PROBLEM DETAILS:
Count every line of the material that holds the string "from". Respond with the total only.

RECORDS SUPPLIED:
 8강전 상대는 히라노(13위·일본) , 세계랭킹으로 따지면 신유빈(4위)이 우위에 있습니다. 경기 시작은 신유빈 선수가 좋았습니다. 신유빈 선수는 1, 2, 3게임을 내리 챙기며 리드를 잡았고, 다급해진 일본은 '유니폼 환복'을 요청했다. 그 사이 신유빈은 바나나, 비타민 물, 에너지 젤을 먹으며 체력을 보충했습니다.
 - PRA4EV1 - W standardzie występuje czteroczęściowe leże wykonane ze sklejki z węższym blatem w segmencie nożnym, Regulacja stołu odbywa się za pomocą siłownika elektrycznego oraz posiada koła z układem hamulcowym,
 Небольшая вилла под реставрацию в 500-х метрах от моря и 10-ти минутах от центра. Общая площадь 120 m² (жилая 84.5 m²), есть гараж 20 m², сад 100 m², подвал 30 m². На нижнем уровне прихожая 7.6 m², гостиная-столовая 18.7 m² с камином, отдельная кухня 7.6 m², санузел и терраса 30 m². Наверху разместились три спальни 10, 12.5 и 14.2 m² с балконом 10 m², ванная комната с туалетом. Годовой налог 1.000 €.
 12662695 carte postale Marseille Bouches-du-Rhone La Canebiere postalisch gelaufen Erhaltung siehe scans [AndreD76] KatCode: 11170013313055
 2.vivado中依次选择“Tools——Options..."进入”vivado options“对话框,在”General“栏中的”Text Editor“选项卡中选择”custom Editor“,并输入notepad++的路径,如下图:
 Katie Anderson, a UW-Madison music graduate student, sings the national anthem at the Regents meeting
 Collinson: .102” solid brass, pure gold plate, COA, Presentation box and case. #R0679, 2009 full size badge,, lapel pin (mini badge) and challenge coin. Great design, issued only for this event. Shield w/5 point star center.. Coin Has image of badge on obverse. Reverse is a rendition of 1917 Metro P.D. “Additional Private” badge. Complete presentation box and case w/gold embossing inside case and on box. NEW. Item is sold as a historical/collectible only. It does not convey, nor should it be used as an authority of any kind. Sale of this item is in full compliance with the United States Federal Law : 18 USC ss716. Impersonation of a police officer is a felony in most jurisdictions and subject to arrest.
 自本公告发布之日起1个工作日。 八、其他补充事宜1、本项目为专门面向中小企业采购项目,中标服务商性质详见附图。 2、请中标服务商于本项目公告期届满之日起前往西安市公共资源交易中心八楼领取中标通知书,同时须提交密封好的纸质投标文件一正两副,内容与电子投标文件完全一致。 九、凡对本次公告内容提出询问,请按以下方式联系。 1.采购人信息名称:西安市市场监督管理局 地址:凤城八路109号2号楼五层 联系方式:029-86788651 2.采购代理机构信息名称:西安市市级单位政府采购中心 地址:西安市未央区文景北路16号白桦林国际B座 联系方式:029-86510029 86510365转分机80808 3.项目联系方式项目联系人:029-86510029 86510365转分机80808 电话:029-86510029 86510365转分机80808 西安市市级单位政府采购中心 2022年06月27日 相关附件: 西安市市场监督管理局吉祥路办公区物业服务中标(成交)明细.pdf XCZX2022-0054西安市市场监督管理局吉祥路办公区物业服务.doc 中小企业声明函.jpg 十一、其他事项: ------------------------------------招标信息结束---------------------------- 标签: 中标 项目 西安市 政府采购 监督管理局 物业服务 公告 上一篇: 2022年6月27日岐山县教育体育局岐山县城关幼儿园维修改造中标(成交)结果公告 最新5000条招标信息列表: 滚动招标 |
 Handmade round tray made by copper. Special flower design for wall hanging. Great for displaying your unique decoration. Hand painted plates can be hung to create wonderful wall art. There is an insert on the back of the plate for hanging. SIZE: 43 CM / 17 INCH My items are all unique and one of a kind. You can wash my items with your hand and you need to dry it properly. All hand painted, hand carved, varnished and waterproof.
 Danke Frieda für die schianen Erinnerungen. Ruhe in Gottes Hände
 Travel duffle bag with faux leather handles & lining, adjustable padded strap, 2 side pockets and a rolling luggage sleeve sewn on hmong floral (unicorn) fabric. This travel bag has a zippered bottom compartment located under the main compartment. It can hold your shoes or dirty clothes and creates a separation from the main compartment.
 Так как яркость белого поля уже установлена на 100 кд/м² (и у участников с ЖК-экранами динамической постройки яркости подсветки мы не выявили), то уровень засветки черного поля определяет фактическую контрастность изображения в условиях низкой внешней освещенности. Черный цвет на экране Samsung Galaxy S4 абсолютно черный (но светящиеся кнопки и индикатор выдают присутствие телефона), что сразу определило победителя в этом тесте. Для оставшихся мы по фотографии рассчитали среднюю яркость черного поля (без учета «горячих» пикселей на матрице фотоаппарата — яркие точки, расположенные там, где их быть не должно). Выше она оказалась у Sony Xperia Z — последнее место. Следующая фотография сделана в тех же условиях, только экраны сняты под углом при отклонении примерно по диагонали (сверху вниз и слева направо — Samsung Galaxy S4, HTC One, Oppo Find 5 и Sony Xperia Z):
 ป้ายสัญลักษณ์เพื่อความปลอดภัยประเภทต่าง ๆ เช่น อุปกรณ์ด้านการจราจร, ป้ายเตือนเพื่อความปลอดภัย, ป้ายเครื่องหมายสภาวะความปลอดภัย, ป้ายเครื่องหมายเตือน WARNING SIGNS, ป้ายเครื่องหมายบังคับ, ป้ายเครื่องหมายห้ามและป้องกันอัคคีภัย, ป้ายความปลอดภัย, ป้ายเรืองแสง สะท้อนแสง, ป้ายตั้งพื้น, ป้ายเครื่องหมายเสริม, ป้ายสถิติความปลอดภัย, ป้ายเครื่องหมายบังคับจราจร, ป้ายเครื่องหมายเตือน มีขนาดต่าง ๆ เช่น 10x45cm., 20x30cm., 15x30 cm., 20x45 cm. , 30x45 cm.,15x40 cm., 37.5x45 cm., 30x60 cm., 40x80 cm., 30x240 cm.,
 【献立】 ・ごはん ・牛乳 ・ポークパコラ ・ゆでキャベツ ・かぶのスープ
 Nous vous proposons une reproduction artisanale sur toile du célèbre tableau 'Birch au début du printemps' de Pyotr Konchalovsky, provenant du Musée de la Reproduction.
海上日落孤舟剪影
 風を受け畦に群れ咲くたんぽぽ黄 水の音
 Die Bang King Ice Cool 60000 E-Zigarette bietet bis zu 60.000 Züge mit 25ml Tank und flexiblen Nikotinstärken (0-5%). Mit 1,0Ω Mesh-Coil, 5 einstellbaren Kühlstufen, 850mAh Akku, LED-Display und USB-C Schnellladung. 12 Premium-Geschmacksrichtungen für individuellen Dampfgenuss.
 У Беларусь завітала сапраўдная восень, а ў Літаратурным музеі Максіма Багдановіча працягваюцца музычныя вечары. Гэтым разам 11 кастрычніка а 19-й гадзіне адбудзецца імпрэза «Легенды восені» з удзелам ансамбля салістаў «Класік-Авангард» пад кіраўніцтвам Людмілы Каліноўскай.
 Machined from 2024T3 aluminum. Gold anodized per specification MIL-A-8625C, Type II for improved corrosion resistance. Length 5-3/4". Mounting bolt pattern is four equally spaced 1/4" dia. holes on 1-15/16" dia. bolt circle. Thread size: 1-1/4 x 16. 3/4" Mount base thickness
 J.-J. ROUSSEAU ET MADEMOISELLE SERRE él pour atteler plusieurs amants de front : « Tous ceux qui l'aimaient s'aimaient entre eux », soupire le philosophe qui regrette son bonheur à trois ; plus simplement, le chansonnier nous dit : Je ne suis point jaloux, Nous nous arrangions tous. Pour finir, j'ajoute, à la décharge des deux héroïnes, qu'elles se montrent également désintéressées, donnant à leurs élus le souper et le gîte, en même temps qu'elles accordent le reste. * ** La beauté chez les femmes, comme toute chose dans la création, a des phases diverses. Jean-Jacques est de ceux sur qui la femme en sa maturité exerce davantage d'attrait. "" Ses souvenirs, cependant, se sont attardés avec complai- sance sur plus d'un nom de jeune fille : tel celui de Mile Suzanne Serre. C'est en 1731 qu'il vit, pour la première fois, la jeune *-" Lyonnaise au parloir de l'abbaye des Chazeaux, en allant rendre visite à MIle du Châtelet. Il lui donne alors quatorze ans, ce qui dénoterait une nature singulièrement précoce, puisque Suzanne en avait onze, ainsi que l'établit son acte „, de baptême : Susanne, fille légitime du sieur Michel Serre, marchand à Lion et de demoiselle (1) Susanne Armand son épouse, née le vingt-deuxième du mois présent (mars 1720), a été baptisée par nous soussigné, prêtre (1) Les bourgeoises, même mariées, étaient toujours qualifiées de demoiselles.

EXERCISE RESPONSE:
2